Precision error generally refers to the situation where the online reasoning response is logical but does not align with the benchmark response or the dataset evaluation score does not meet the acceptance criteria.

1. The answers are logical but do not align with the benchmark answers

The fundamental reason for the occurrence of logical but inaccurate and inconsistent responses in reasoning tasks is that a certain module has caused an error.

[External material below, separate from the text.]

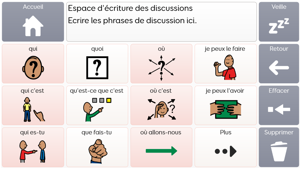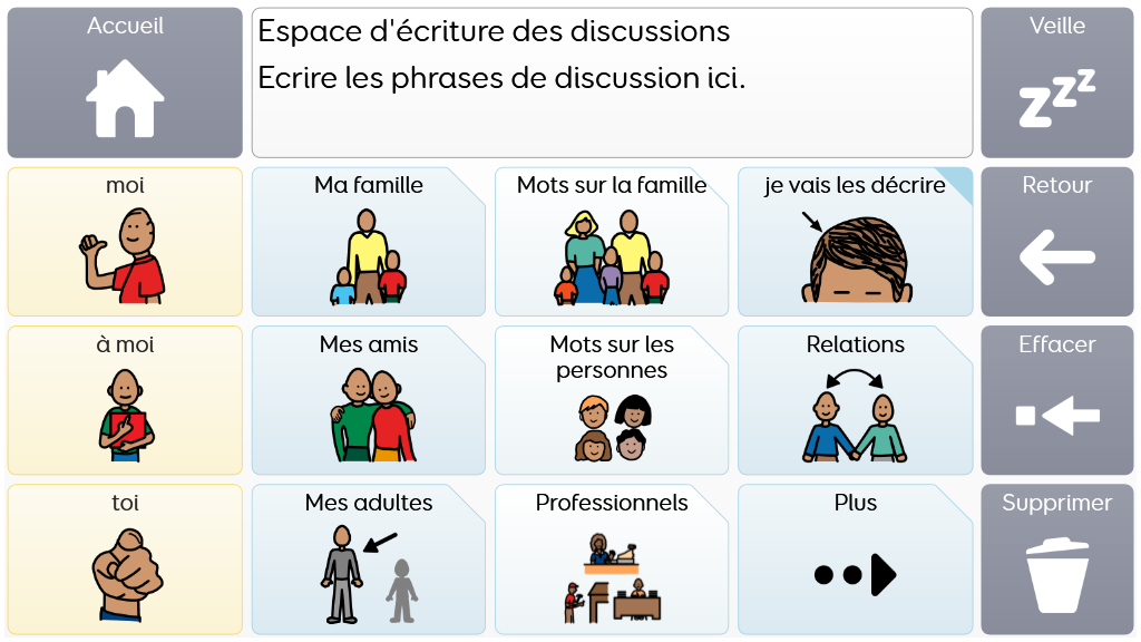 Voco Chat est un vocabulaire de symboles à faible nombre de cellules, qui permet aux utilisateurs de communiquer dans de nombreuses situations. Les voies de message (avec des sauts intégrés et un vocabulaire soigneusement sélectionné) offrent un système formel de la langue. L'ensemble de pages comprend des ressources pour soutenir la communication et le bien-être émotionnel, notamment avec des applications comme Symoji et Appareil photo pour favoriser l'interaction et l'engagement. Voco Chat convient à tous ceux qui ont besoin de cellules plus grandes, et peut être utilisé avec le toucher, la commande oculaire, le pointeur et les contacteurs. Des invites auditives sont incluses pour les colonnes et les cellules individuelles. Lorsque vous ajoutez Voco Chat pour la première fois, vous pouvez sélectionner « Enfant » ou « Ado et adulte » afin de choisir le vocabulaire le plus approprié pour l'utilisateur. v1.04

The magnitude of the error will determine the timing of the appearance of tokens that do not match the benchmark in the response.

Possible problems and solutions:

Question: The first token is consistent, but after pushing about 10 tokens, the phenomenon of inconsistent precision occurs.
- Positioning method: Generally, the differences in data are compared by printing and dumping data. If the printed data cannot be observed by the naked eye to determine whether it is within the acceptable range, then the dumped data can be used, and then the comparison tool can be used to determine whether the module meets the precision standard. The comparison tool can be compared using the methods provided by MindSpore Transformers. The usage method is as follows:
```
import numpy as np
from tests.utils.precision_utils import PrecisionChecker

checker = PrecisionChecker()
gpu_data = np.load('path/to/gpu.npy')
npu_data = np.load('path/to/npu.npy')
checker.check_precision(gpu_data, npu_data)
```
  For information on how to dump data, you can refer to the Dump Tutorial Document provided on the MindSpore official website.
- Possible reasons: Precision loss caused by inconsistent dtype types of a certain input, etc.
- Solution: Align the dtype of the benchmark.

2. The evaluation score of the dataset does not meet the acceptance criteria

According to the process of precision comparison, the prerequisite for dataset evaluation is that the responses from online reasoning are already logical. However, now there is a significant difference between the evaluation scores of the dataset and the benchmark data. The reason is that some responses do not align with those of the benchmark.

Location method: Identify the questions where the output does not align with the benchmark answers, extract the questions separately as the input for online reasoning, and then locate and solve the problems following the approach of answering questions with logical precision but inconsistent with the benchmark.